Todd Conklin, senior advisor at the Los Alamos National Laboratory, a Department of Energy site in New Mexico, closed out the morning session with a lengthy and lively presentation on the dangers of “blame the worker” safety programs.

Such programs, which often focus on punishment rather than finding and eliminating hazards, don’t actually make workers safer, he said.

“Workers are not the problem. Workers are the solution,” Conklin said. “Instead of constraining workers, we should be asking them what they need to do their jobs safely.”

Conklin cited automakers attempting to design “accident-free” cars as another example of a misguided approach to safety.

“We don’t need accident-free cars,” Conklin said. “We need cars where – when they do have accidents – the occupants of the vehicles live to drive another day.”

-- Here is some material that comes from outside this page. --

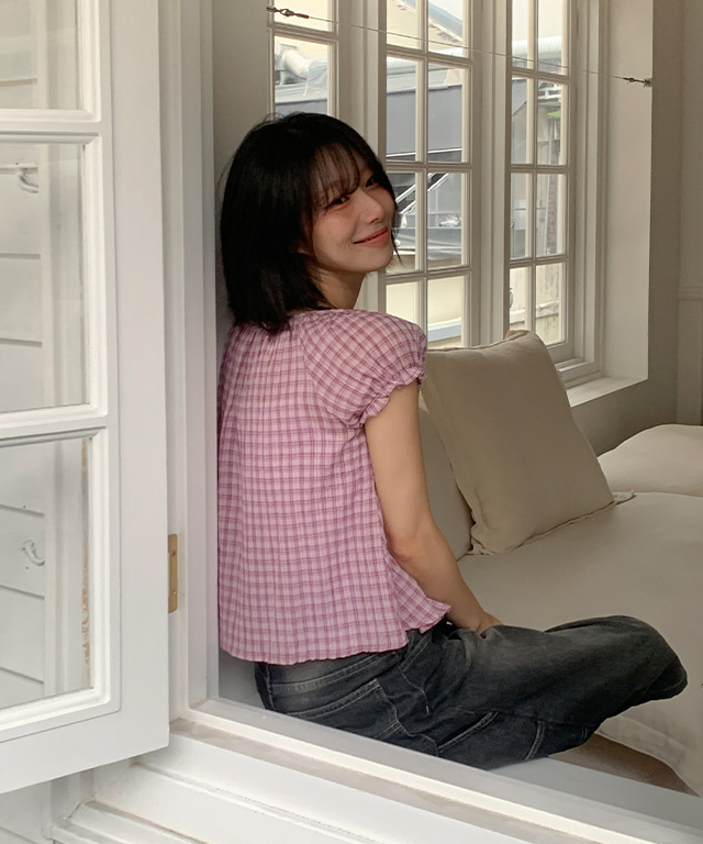 허엘코 체크 크롭핏 코튼 라운드넥 블라우스
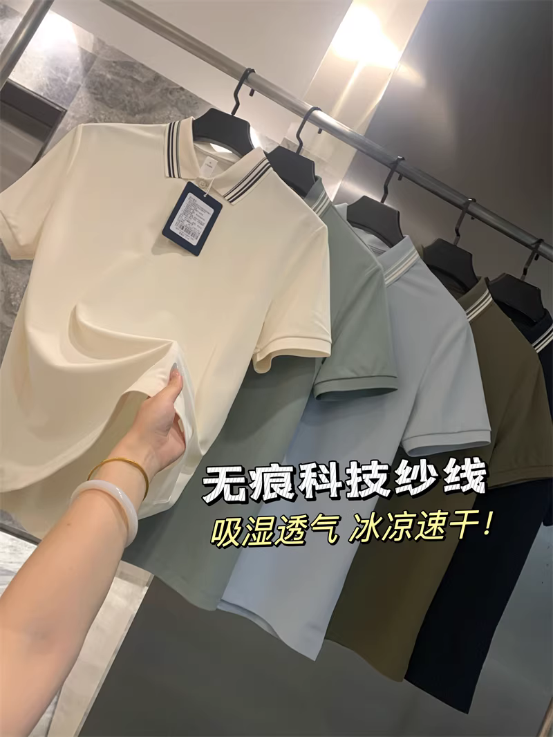 Đơn đặt hàng của công ty Don Quixote ODM! Vải pique liền mạch! Áo polo nam mùa hè chất liệu thoáng mát, màu trơn, đa năng, tay ngắn.

What workers and management should do – together – is not to ensure that accidents never happen but to ensure that when they do, that workers have the tools and the processes they need to avoid injury or death.

“Safety is not the absence of accidents,” he said. “Safety is the presence of capacity.”

Participants will close out the conference with a half day of workshops Thursday afternoon and another half day of workshops on Friday morning.